The Money Circus
“The financial world is a big circus”. This idea, present in the collective ideology, is the conceptual starting point for the works I have created for the Standard rooms.
From this concept I have created large compositions in which I use real banknotes as a base element to build an imaginary. Why use banknotes as the base element? Because they are, in the cold and grey financial world, the closest object to art. Throughout history, banknote designs have brought us closer to the portraits of important people who, in some cases, we would never otherwise know. Banknote design is a window onto art and culture as the heritage of nations. This aspect allows me to create a connection between the concept of money, the overall theme of the hotel, and the concept of art, the backbone of the nhow brand. Because nhow is, above all, art.
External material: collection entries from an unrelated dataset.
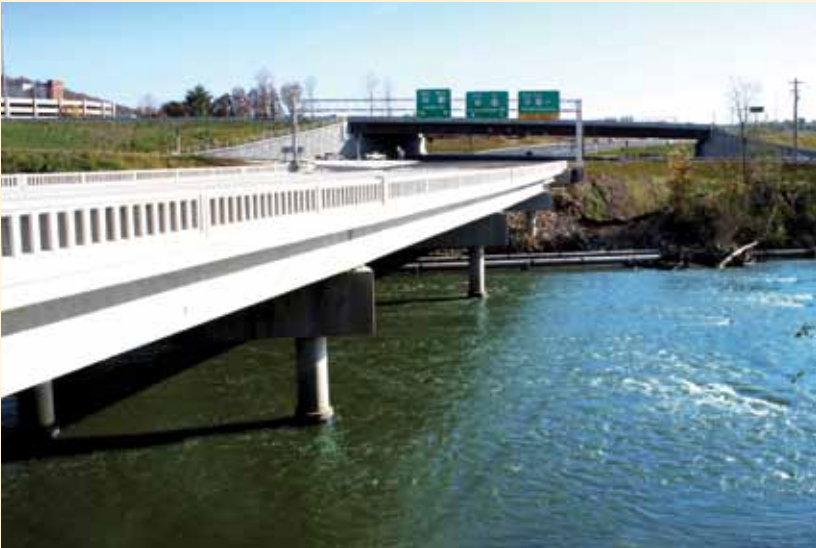
New bridge at I-26 Interchange with NC 146 in Asheville

This case study involved interviewing the leadership and staff at the state transportation agency, researching, reviewing and compiling information about the agency practices, systems and processes in use. The State transportation agency approves the case study report prior to publication. The case study report relies on the agency's perspective, experiences and self-assessment. The case studies are intended to help other transportation agencies understand and learn from the experiences of peer agencies. Readers should understand that geographical, organizational and political environments influence the implementation of practices across the nation and customization may be required for specific application. ■
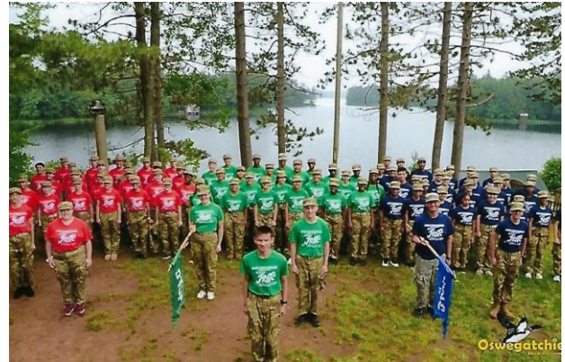
JROTC Cadets at Camp Oswegatchie

you to all who supported these cadets, enabling them to attend summer camp.
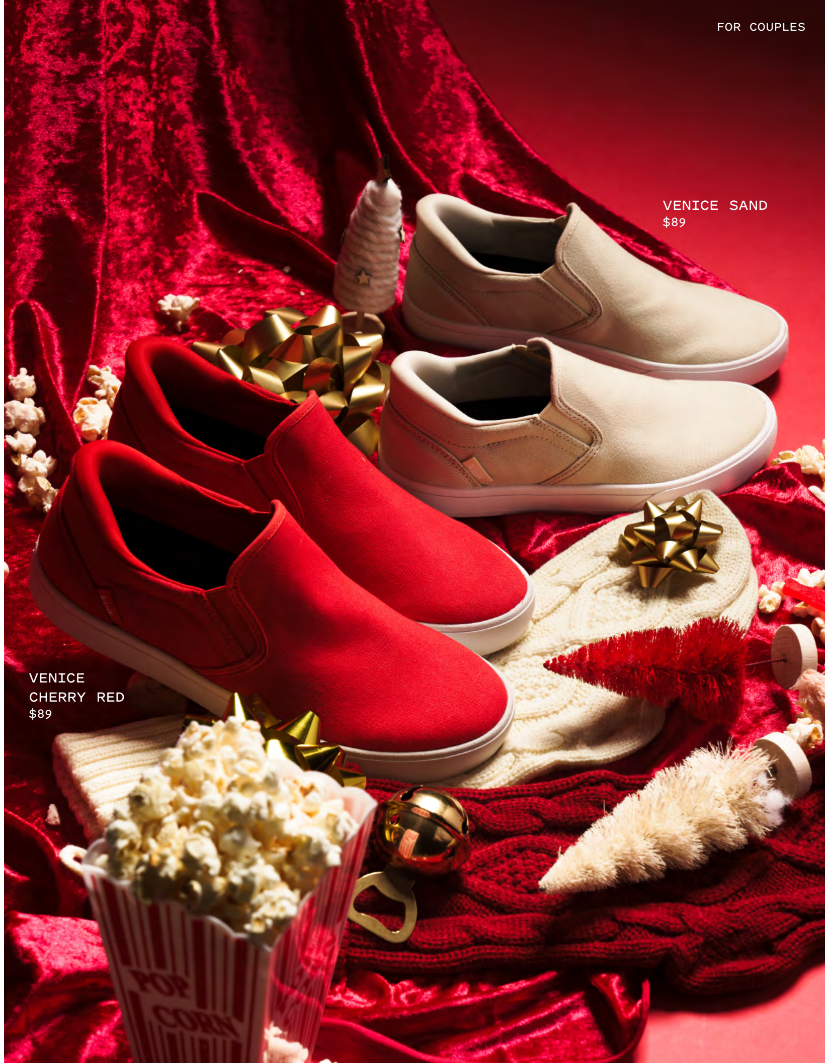
VENICE SAND $89
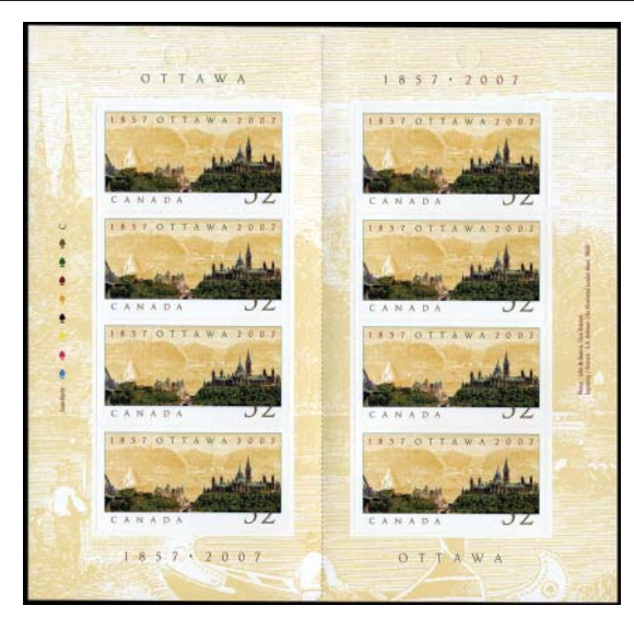
2 x 2214a (BK350)
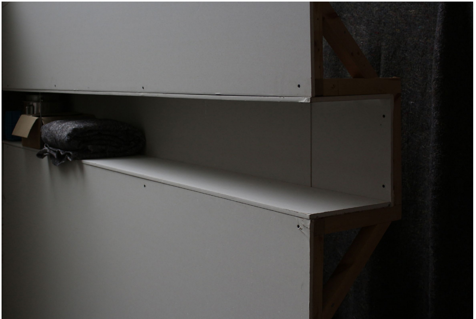
Studio sketch - Secundair architectural feature holding a combination of personal belongings and other stuff (2026)
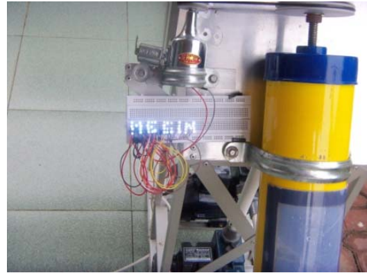
Figure 4 Led lamps

To make sure that electricity is really generated by this device, not only some led lamps is installed on bicycle generator is on, but also measured by using multimeter to show how much current and voltage are generated. (figure 4, 5 and 6).
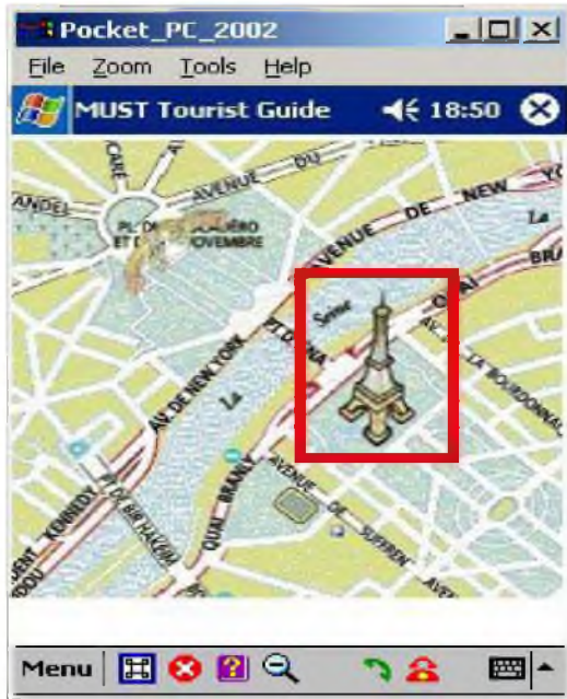
Figure 2: Screen Layout of the MUST tourist guide

Speech input allows what we call shortcuts. For example, at the top navigation level (where the overview map with POIs is on the screen) the user can ask questions such as 'What hotels are there near the Notre Dame?'. That request will result in the detailed map of the Notre Dame, with the locations of hotels indicated as selectable objects. However, until one of the hotels is selected, the Notre Dame will be considered as the topic of the dialogue.
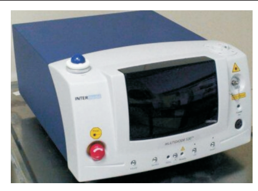
Figure 1 Multi-diod laser TM S30-OFT device.

After operative site antisepsis using povidone iodine 10%, the upper and lower canaliculi were dilated using Bowman probes. A rigid nasal endoscope with a 0-degree angle was inserted into the nose. Multidiode laser (Intermedical Multidiode S-30 OFT; Figure 1) was used. The settings were adjusted for each patient being at 10 W energy, 400ms pulse, 400ms pause and contact mode. The radius of the diode laser fiberoptic probe used was 600 µm. This probe was introduced into the lacrimal sac through the upper and lower canaliculi, until the transillumination of the aiming beam could be seen via the nasal endoscope just lateral and superior to the middle turbinate. Of 980 nm diode laser was applied until the largest possible osteotomy was achieved. The area of ostetomy was expanded to approximately 8-10 mm in diameter, and coagulated using diod-laser, carbonized tissue was removed under endoscopic guidance. Nasolacrimal passage was irrigated using 0.9% NaCl from both upper and lower punctums. In all subjects, bicanalicular intubation was performed. Totally 23-gauge silicone tube was then passed through the inferior
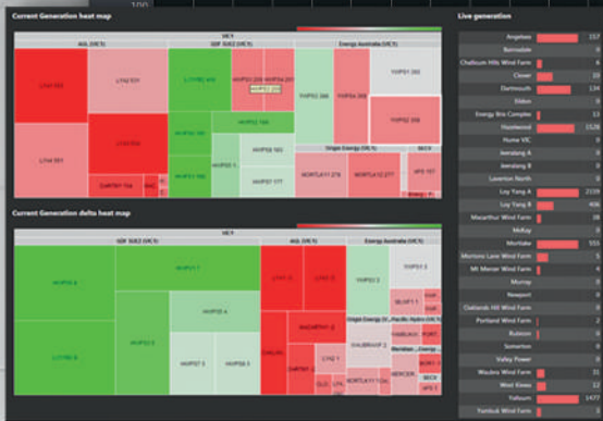
This example show Live Generation in a heat map using external data-driven elements.
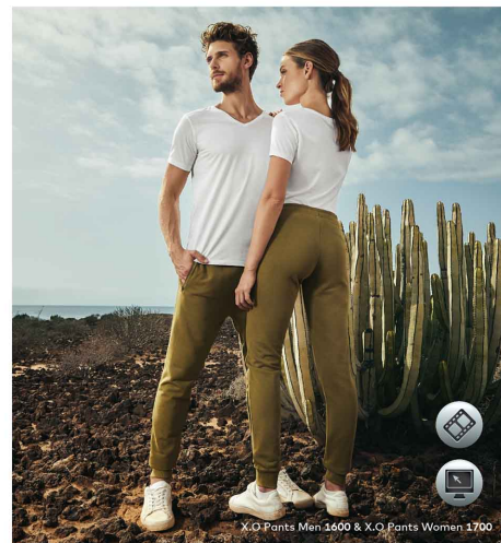
X.O Pants Men 1600 &amp; X.O Pants Women 1700

Unique molton blend sweatpants, unbrushed, waistband with drawstring, 2 side pockets with coated tone-on-tone zip, elastane cuffs at waistband and leg hem, made of long staple combed cotton and polyester. The extra smooth surface and flowing fabric give the sweatpants a unique, elastic and silky finish. The sweatpants have a slim fit.
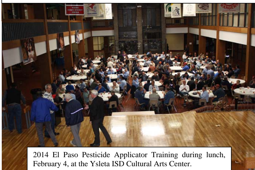
2014 El Paso Pesticide Applicator Training during lunch, February 4, at the Ysleta ISD Cultural Arts Center.

The Texas AgriLife El Paso IPM Program is partially supported by the following organizations:
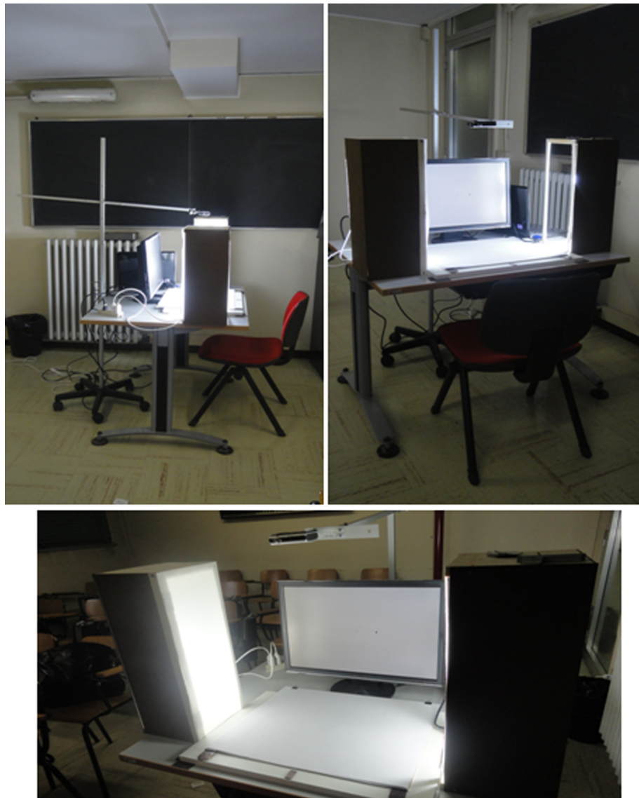
Figure 1 The setting.

increments marked on it placed on the shelf, to correct any possible distortion in the recorded video.
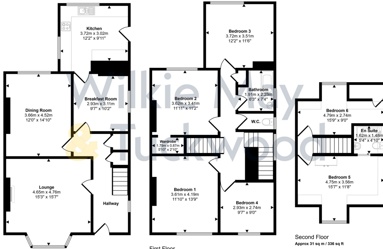
Ground Floor Approx 74 sq m / 800 sq ft

Approx Gross Internal Area 178 sq m / 1919 sq ft
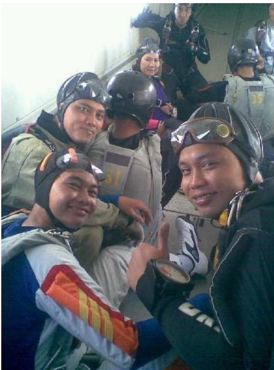
Indonesian elements (note the MC rig on some of the jumpers)
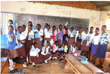
Youth produced reusable feminine hygiene kits and liquid soap distributed to vulnerable girls at Crested Crane School.

Opened in 2013, the Abukloi Secondary school serves the needs of students in and around the small city of Rumbek, located in the central region of South Sudan. It enrolls over 660 students, of whom 175 are young women. Their curriculum emphasizes lessons in peaceful solutions to conflicts, both traditional and vocational skills, and community service.
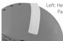
Left: Helmet Top Wicker (Small) Part No. BE208-Small

Rear Spoiler, Clear, V.06 for helmets without vents ... Part No. BE204-Clear ..... $59.95 Rear Spoiler, Clear, V.09 for helmets with rear vents ... Part No. BE205-Clear ..... $59.95
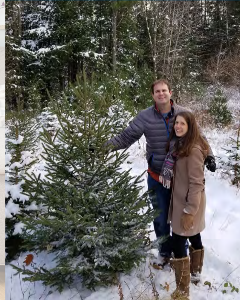
Cutting our Christmas tree
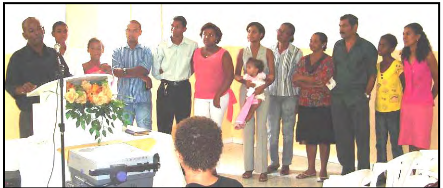
Birth of New Congregation! In Marcos Freire – Municipality of Socorro
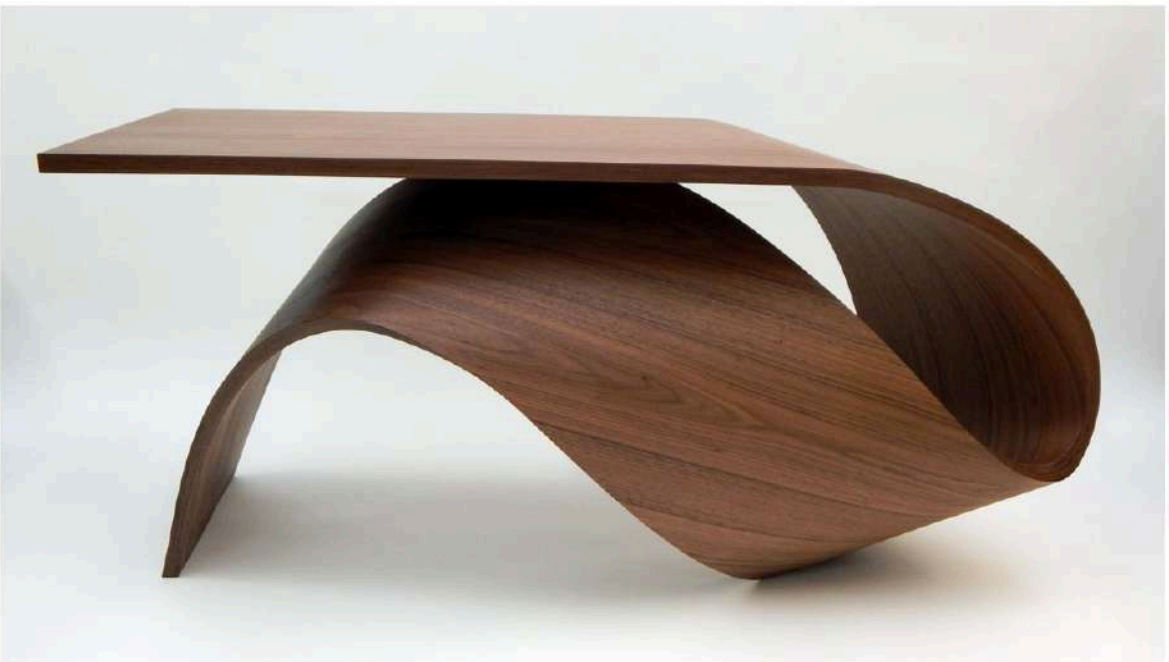
Pierre Renart — Wave desk, American walnut, 205 x 95 x 75 cm.

Shaped as a boundless wood ribbon that seems to come full circle ad infinitum, the symbolic shape of the Möbius console (and recently, of the Möbius bench as well) is an incomparable technical prowess.

Based on the idea of the “Money Circus” and the element of the banknote as a base object with which to construct an artistic proposal, I imagined a circus scenario in which the characters that appear on the banknotes take on a life of their own, transcend the physical space of the paper money and emerge as performers in a circus full of surrealism and colour. To fit my proposal into the hotel’s three standard room types, I created three versions of the concept, assigning each of them one of the world’s most important currencies as the main element: The Sterling Room, The Dollar Room and The Euro Room. The characters of the banknotes that appear in the three versions, always the same, rotate as the protagonists of the composition, depending on the currency to which the room is assigned.
Creativity is divided into two murals (headboard and ceiling) that are physically joined but visually divided into two circus rings. This aspect allows me to eclectically combine the action of several shows within a single double composition.
This imaginary circus includes all the elements of a real circus: jugglers, tamers, magicians, tightrope walkers… creating a harmonious whole that looks directly at the spectator, making him or her a participant in the whirlpool and action that takes place in the rings.